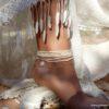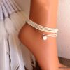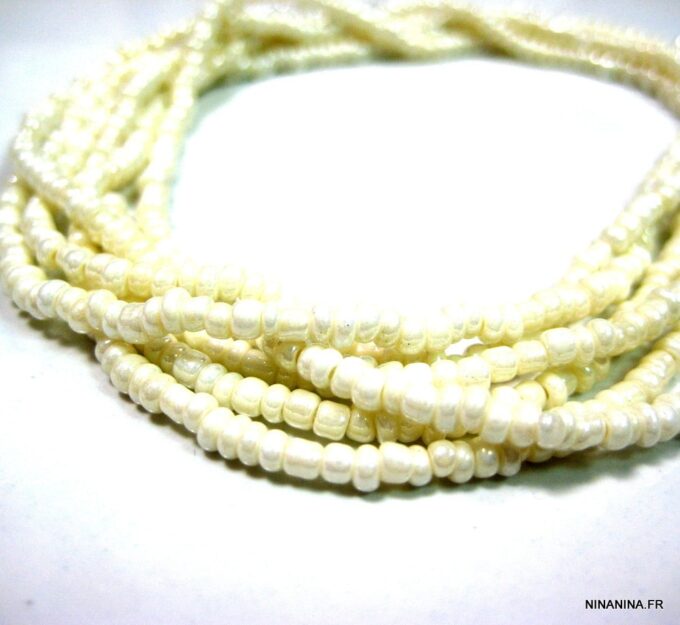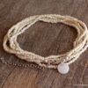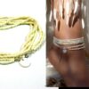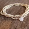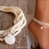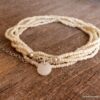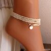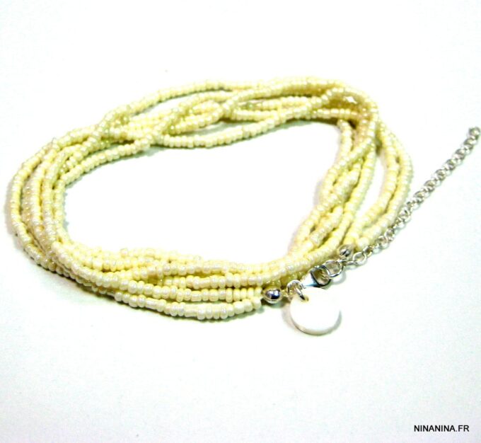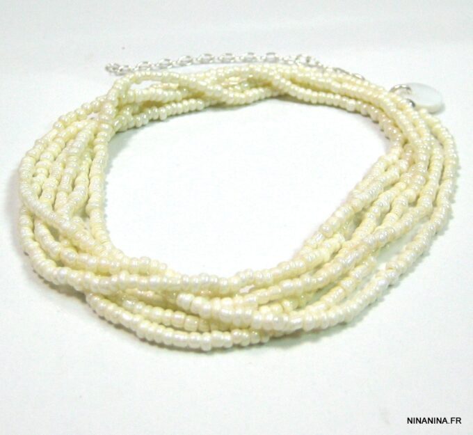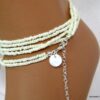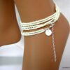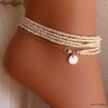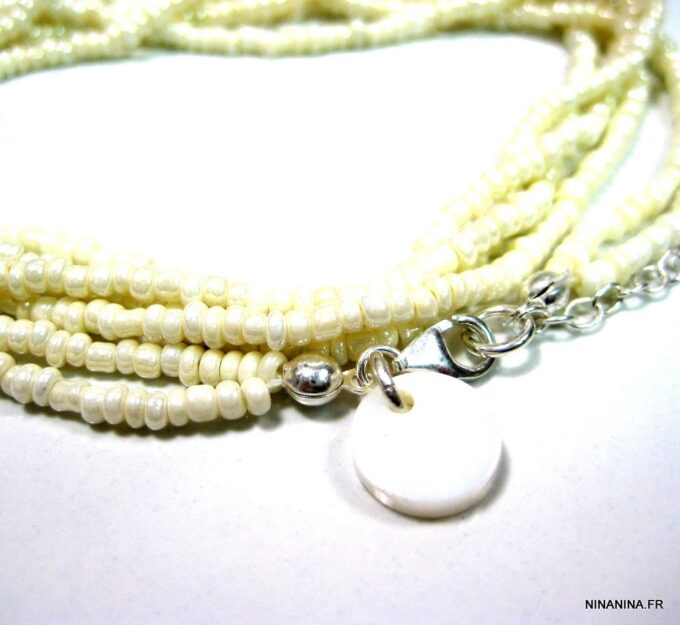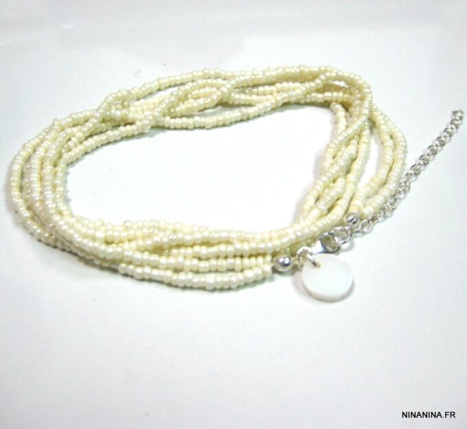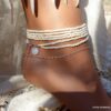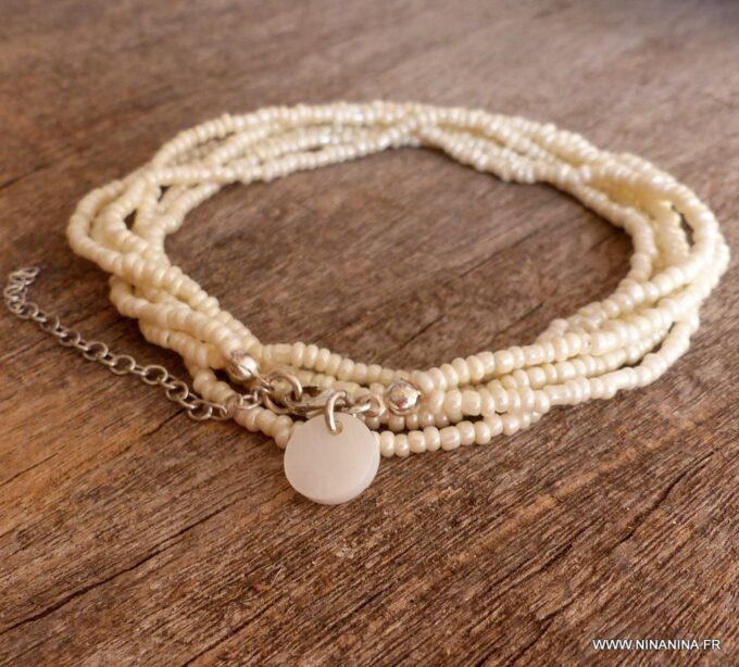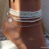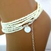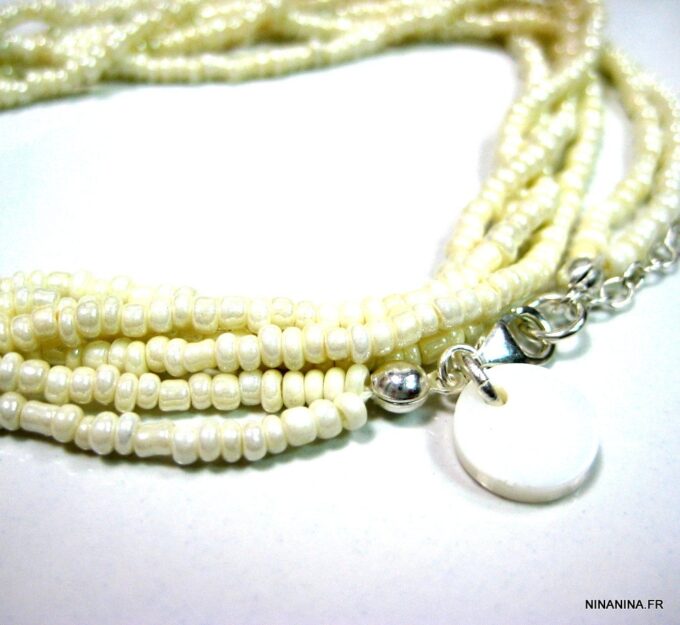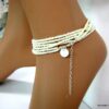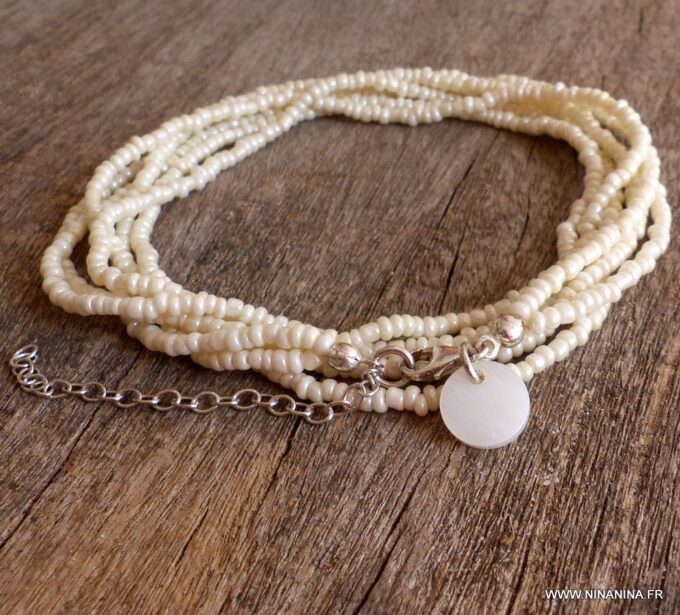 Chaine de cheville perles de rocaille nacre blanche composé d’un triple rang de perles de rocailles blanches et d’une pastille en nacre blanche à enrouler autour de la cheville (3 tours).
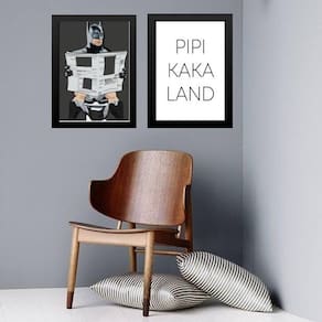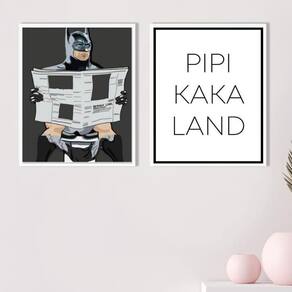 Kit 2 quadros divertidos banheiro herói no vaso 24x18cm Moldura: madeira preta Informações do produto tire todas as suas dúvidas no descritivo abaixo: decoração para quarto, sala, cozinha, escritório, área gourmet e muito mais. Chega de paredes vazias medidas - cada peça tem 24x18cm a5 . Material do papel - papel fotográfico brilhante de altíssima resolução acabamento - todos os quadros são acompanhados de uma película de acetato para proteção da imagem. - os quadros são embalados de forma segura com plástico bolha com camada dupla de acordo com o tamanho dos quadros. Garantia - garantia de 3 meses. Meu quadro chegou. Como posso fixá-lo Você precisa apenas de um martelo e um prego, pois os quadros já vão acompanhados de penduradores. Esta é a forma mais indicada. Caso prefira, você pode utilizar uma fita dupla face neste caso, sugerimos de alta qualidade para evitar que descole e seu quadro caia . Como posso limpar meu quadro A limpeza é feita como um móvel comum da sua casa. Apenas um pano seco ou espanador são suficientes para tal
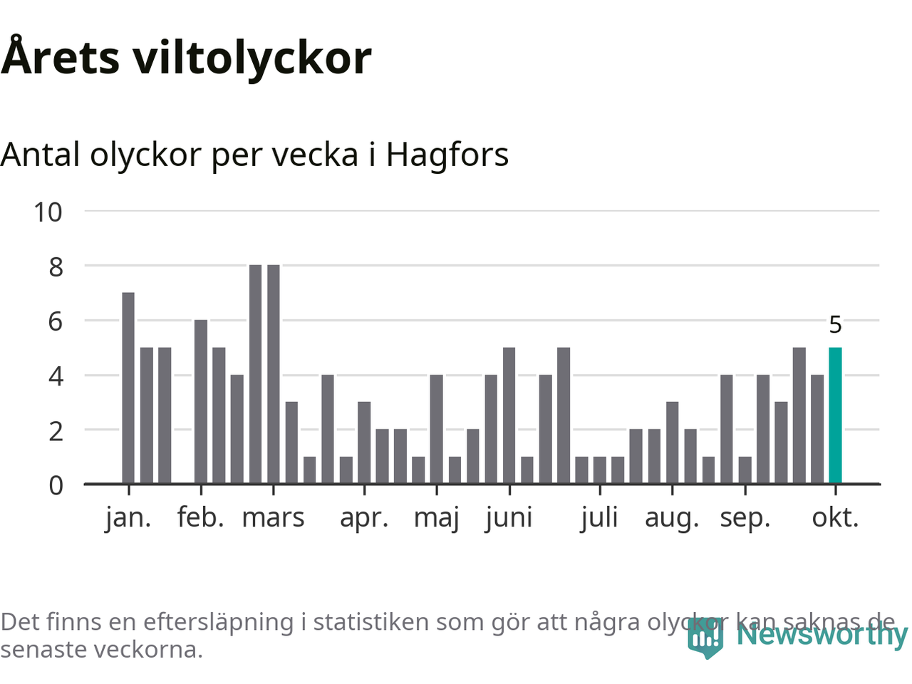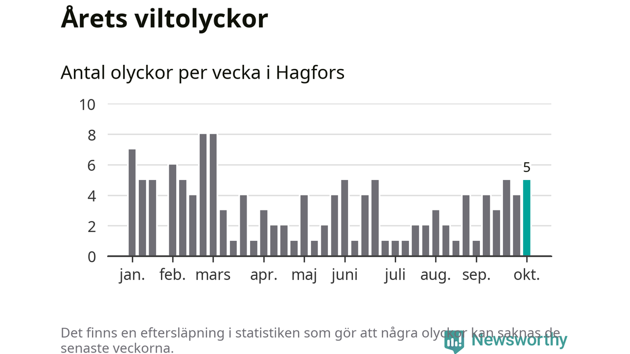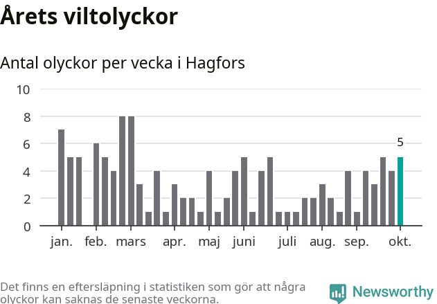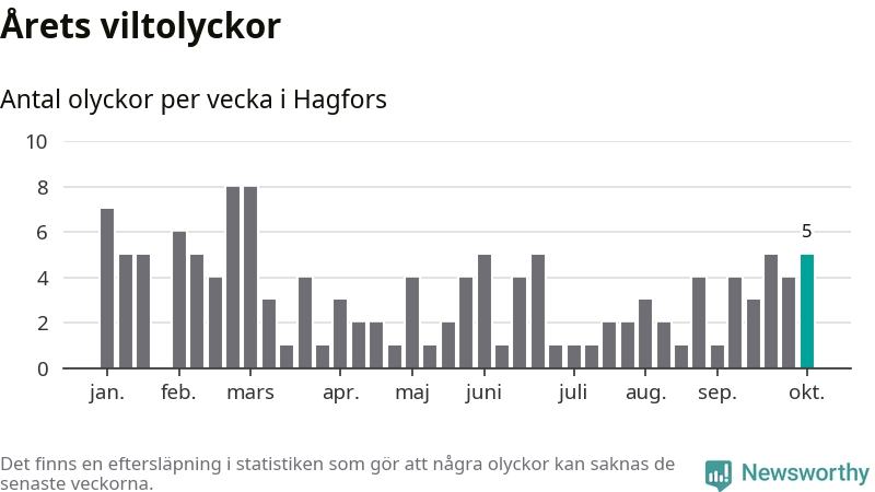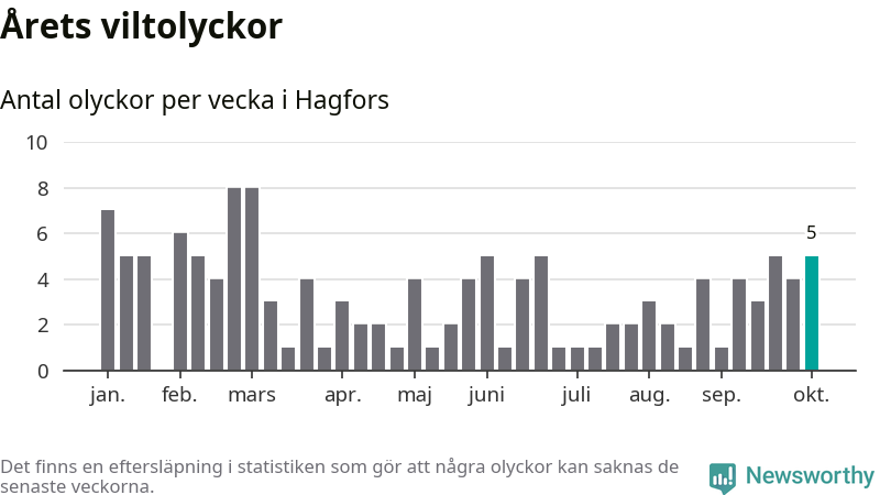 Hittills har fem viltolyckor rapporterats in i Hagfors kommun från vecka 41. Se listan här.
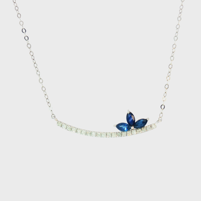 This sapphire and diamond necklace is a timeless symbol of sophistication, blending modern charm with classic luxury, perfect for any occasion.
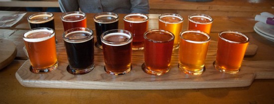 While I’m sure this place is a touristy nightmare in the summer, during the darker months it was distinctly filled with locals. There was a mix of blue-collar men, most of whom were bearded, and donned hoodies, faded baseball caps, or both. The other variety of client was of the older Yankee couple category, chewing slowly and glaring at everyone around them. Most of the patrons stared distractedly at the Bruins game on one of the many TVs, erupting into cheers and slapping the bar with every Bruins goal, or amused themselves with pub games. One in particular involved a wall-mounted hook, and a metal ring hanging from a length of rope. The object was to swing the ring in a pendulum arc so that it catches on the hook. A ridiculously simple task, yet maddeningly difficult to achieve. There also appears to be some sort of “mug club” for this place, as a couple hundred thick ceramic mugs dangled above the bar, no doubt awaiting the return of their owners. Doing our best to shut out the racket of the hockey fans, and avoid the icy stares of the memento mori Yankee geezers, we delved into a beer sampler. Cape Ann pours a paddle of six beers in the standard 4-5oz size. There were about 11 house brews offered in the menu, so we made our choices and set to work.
::::::
Would you print all the entries again exactly, minus any pictures?

Solved exercise.
 Chaine de cheville perles de rocaille nacre blanche composé d’un triple rang de perles de rocailles blanches et d’une pastille en nacre blanche à enrouler autour de la cheville (3 tours).
 Kit 2 quadros divertidos banheiro herói no vaso 24x18cm Moldura: madeira preta Informações do produto tire todas as suas dúvidas no descritivo abaixo: decoração para quarto, sala, cozinha, escritório, área gourmet e muito mais. Chega de paredes vazias medidas - cada peça tem 24x18cm a5 . Material do papel - papel fotográfico brilhante de altíssima resolução acabamento - todos os quadros são acompanhados de uma película de acetato para proteção da imagem. - os quadros são embalados de forma segura com plástico bolha com camada dupla de acordo com o tamanho dos quadros. Garantia - garantia de 3 meses. Meu quadro chegou. Como posso fixá-lo Você precisa apenas de um martelo e um prego, pois os quadros já vão acompanhados de penduradores. Esta é a forma mais indicada. Caso prefira, você pode utilizar uma fita dupla face neste caso, sugerimos de alta qualidade para evitar que descole e seu quadro caia . Como posso limpar meu quadro A limpeza é feita como um móvel comum da sua casa. Apenas um pano seco ou espanador são suficientes para tal
 Hittills har fem viltolyckor rapporterats in i Hagfors kommun från vecka 41. Se listan här.
 This sapphire and diamond necklace is a timeless symbol of sophistication, blending modern charm with classic luxury, perfect for any occasion.
 While I’m sure this place is a touristy nightmare in the summer, during the darker months it was distinctly filled with locals. There was a mix of blue-collar men, most of whom were bearded, and donned hoodies, faded baseball caps, or both. The other variety of client was of the older Yankee couple category, chewing slowly and glaring at everyone around them. Most of the patrons stared distractedly at the Bruins game on one of the many TVs, erupting into cheers and slapping the bar with every Bruins goal, or amused themselves with pub games. One in particular involved a wall-mounted hook, and a metal ring hanging from a length of rope. The object was to swing the ring in a pendulum arc so that it catches on the hook. A ridiculously simple task, yet maddeningly difficult to achieve. There also appears to be some sort of “mug club” for this place, as a couple hundred thick ceramic mugs dangled above the bar, no doubt awaiting the return of their owners. Doing our best to shut out the racket of the hockey fans, and avoid the icy stares of the memento mori Yankee geezers, we delved into a beer sampler. Cape Ann pours a paddle of six beers in the standard 4-5oz size. There were about 11 house brews offered in the menu, so we made our choices and set to work.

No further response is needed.